## The data
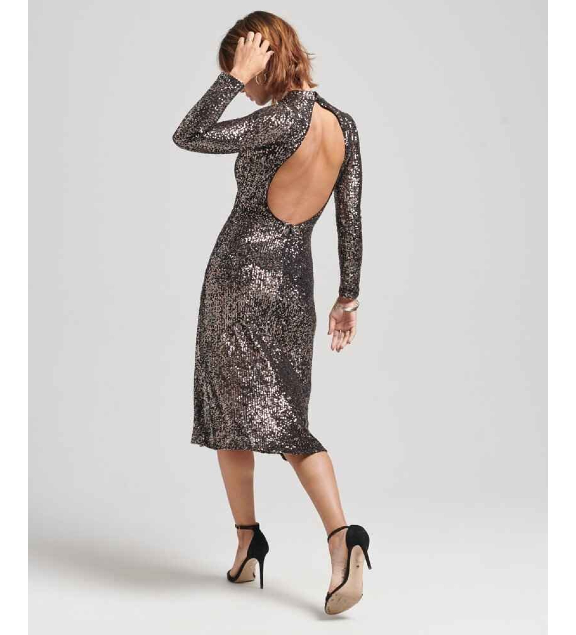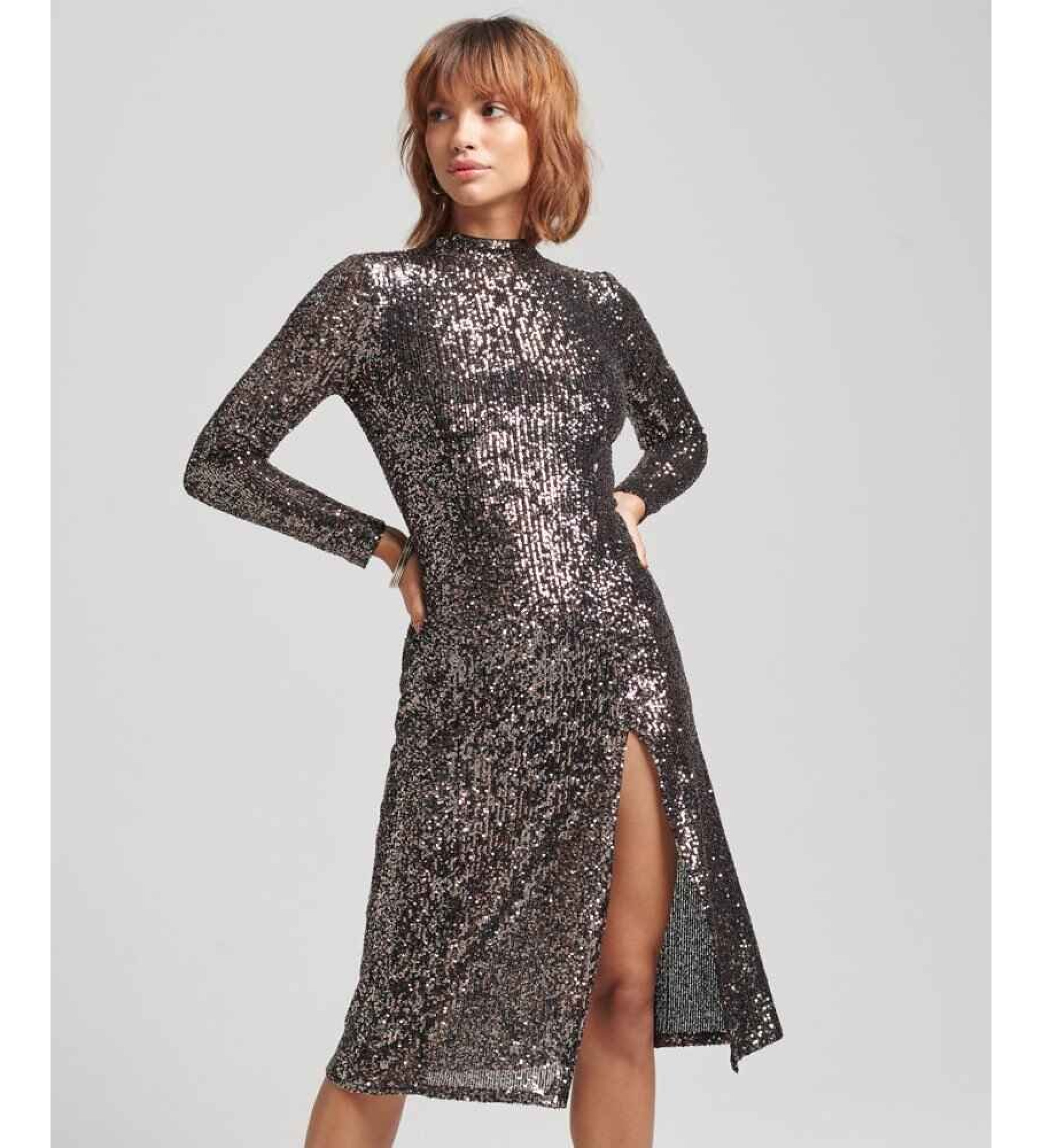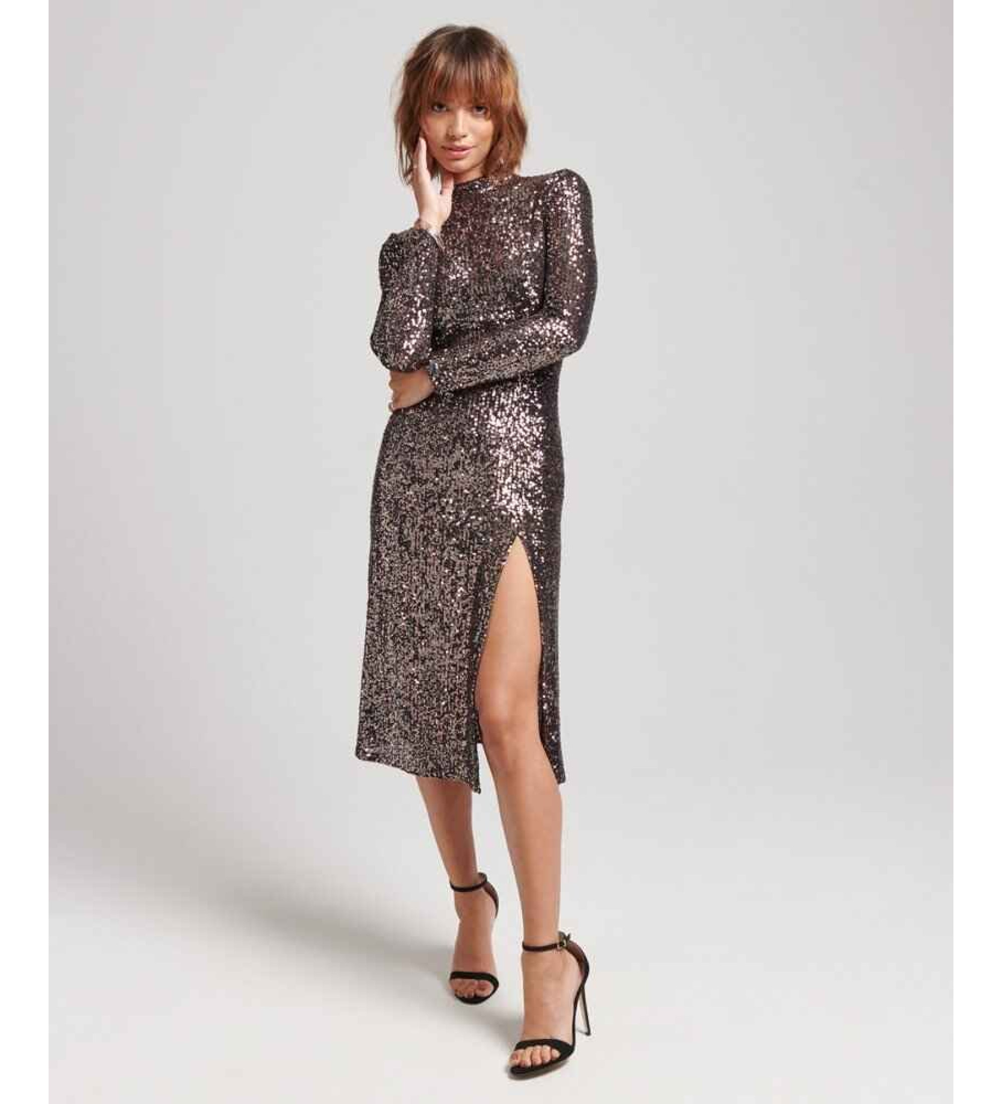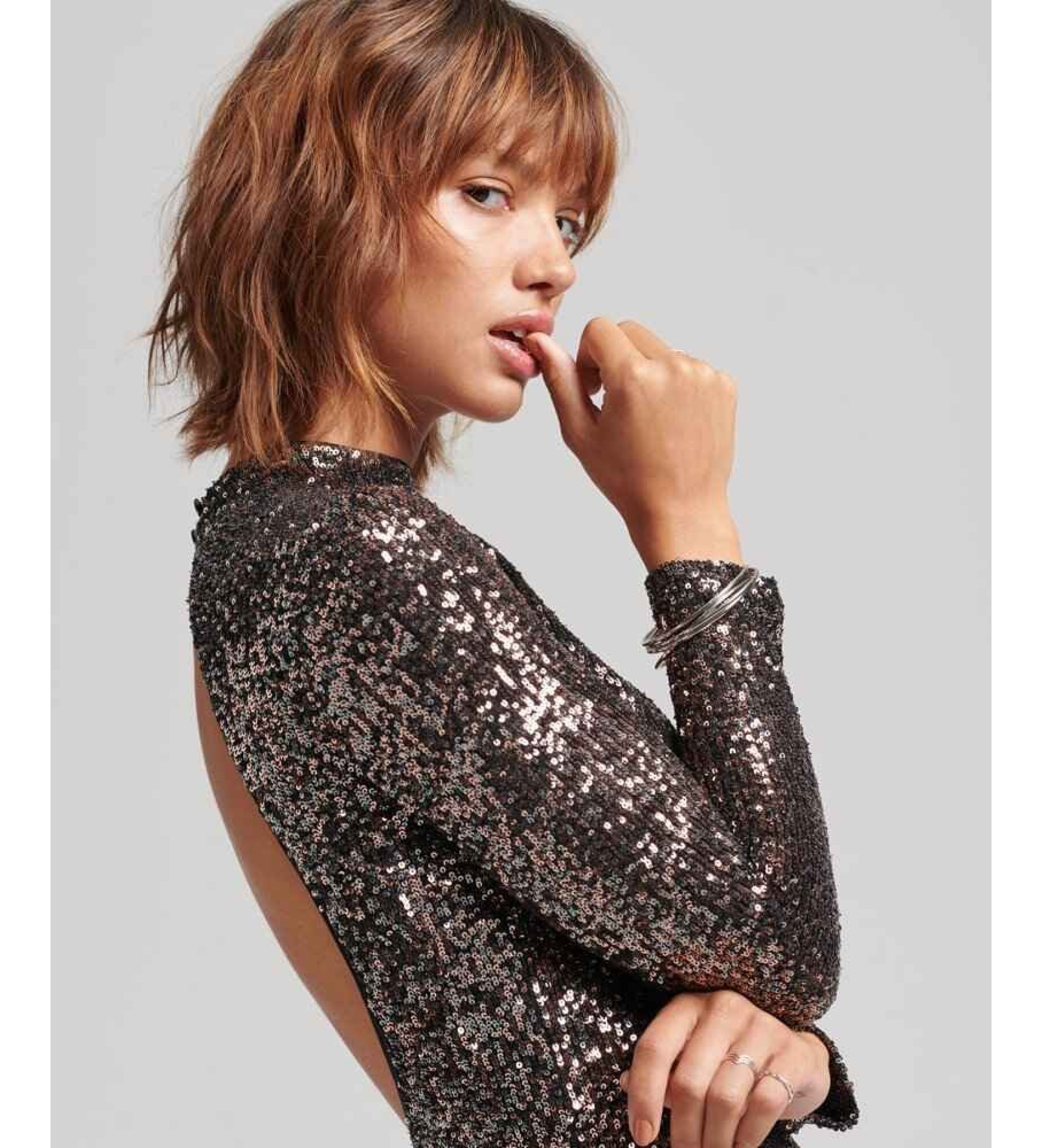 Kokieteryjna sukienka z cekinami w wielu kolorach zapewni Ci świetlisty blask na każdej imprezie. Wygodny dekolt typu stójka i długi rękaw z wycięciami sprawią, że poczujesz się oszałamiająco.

==

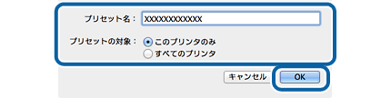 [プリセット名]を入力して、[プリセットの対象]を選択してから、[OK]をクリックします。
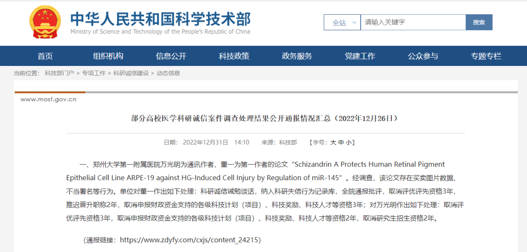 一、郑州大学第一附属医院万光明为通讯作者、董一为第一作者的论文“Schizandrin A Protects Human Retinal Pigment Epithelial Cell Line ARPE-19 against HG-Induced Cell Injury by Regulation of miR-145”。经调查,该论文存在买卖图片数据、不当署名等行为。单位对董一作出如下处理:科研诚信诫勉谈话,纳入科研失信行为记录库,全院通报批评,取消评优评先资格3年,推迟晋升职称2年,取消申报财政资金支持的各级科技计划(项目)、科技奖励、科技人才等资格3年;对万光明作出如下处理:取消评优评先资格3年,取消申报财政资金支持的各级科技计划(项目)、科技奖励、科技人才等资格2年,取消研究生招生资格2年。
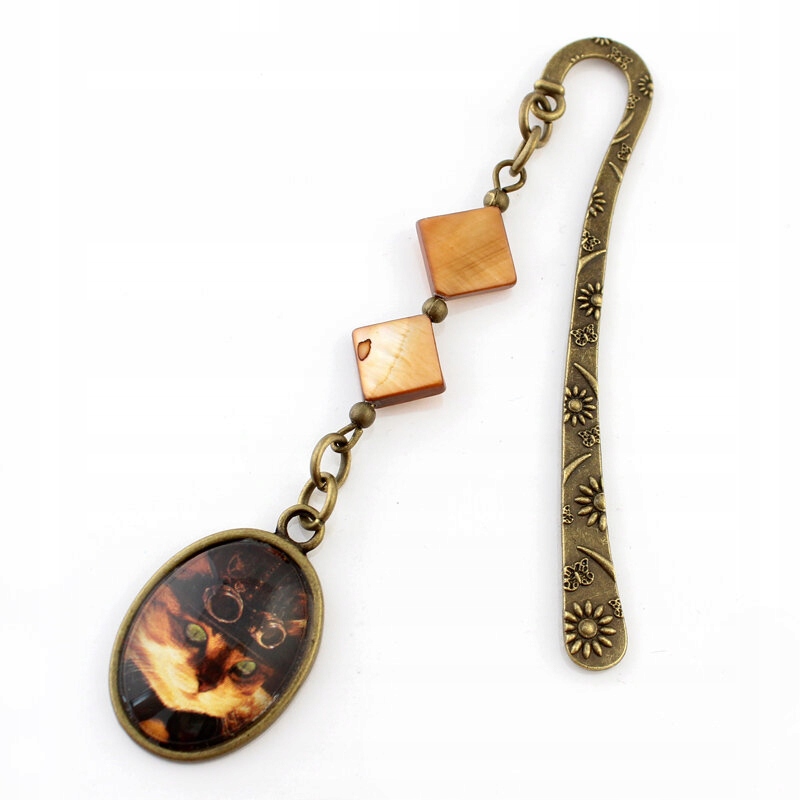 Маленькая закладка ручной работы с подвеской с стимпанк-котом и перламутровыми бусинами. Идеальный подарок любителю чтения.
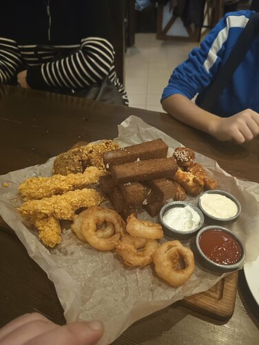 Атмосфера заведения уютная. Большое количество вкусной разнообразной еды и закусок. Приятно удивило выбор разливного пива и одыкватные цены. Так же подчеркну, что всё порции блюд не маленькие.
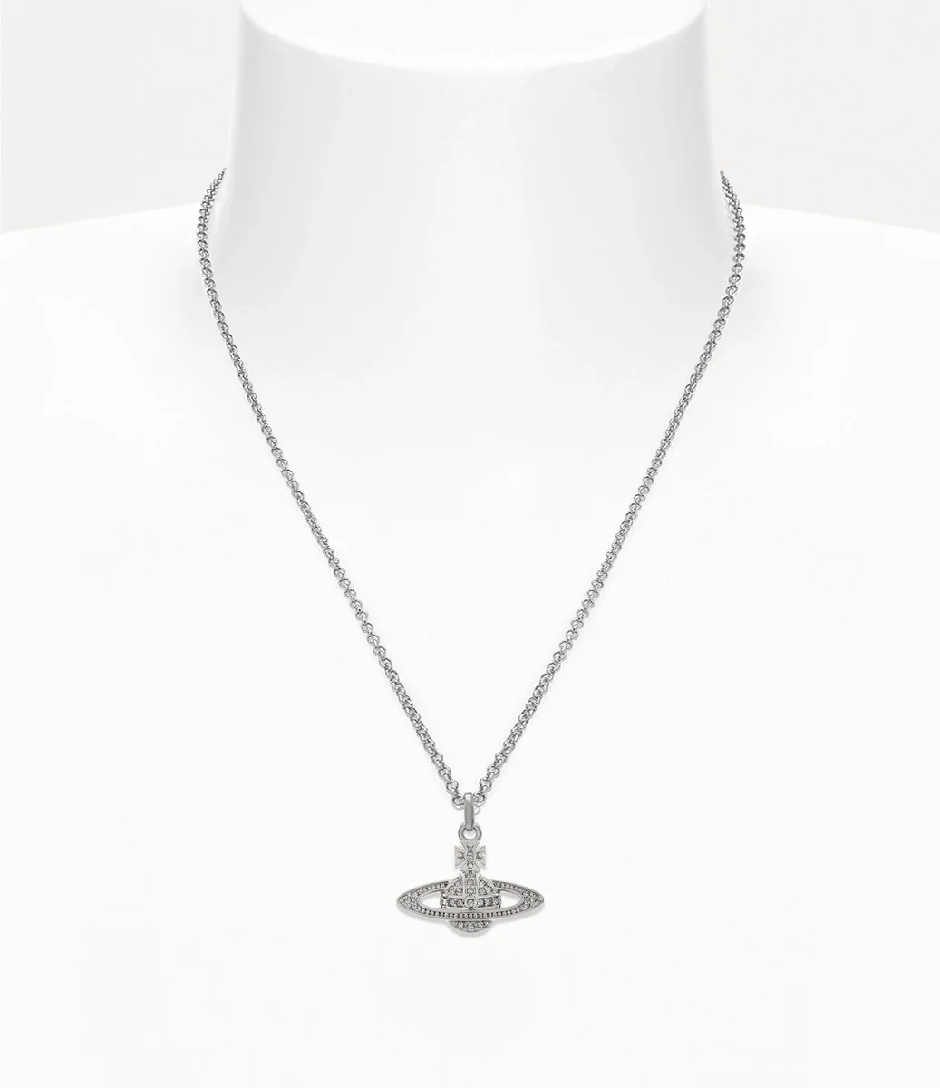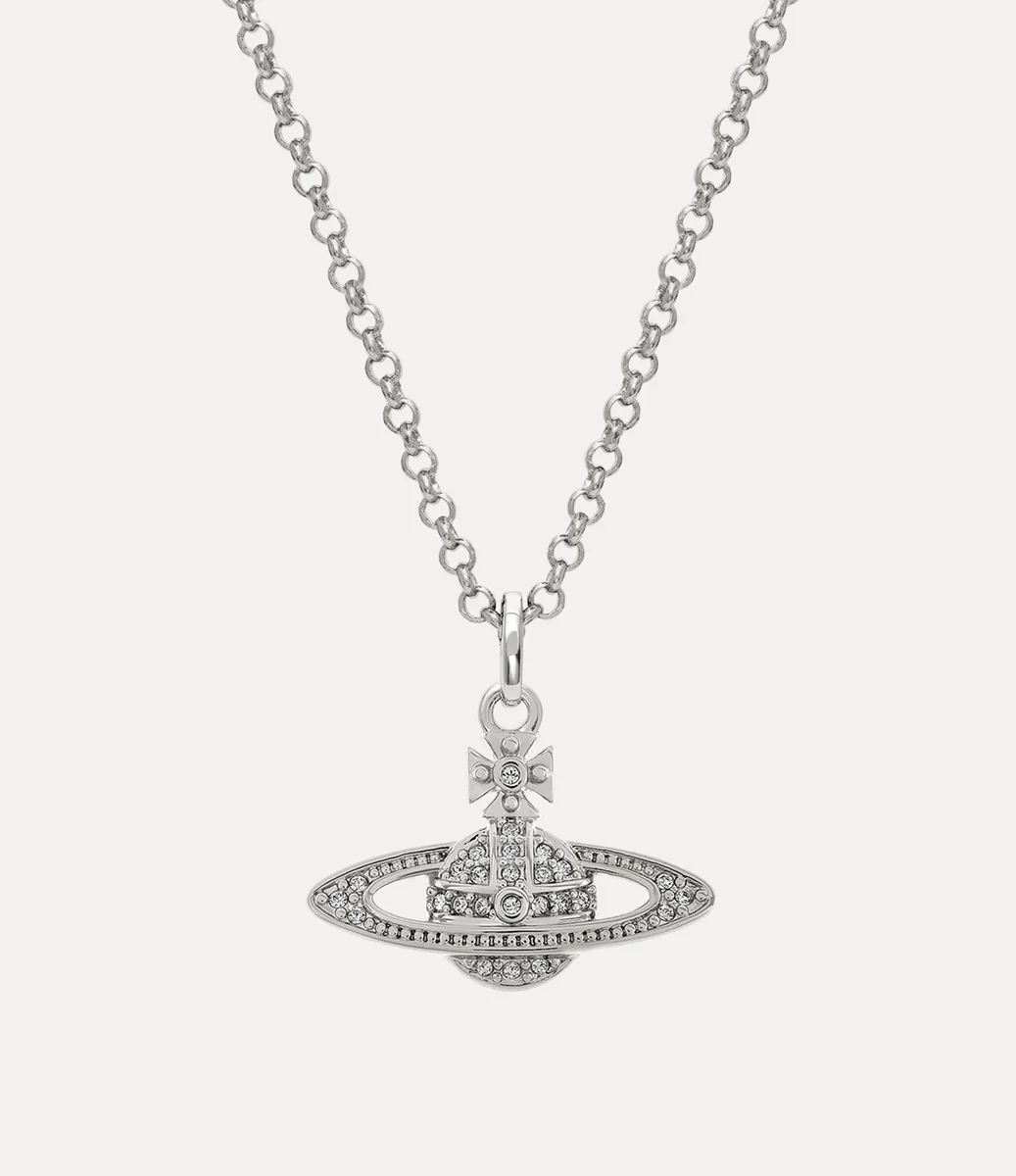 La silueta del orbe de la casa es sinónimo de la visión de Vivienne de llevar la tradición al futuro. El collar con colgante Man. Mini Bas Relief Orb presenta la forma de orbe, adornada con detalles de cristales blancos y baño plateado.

## Activity
In the records above, everything from the line with "Маленькая закладка ручной" down to the line with "Атмосфера заведения уютная." must be duplicated exactly, both lines kept. Leave no pictures in.

## Result
 Маленькая закладка ручной работы с подвеской с стимпанк-котом и перламутровыми бусинами. Идеальный подарок любителю чтения.
 Атмосфера заведения уютная. Большое количество вкусной разнообразной еды и закусок. Приятно удивило выбор разливного пива и одыкватные цены. Так же подчеркну, что всё порции блюд не маленькие.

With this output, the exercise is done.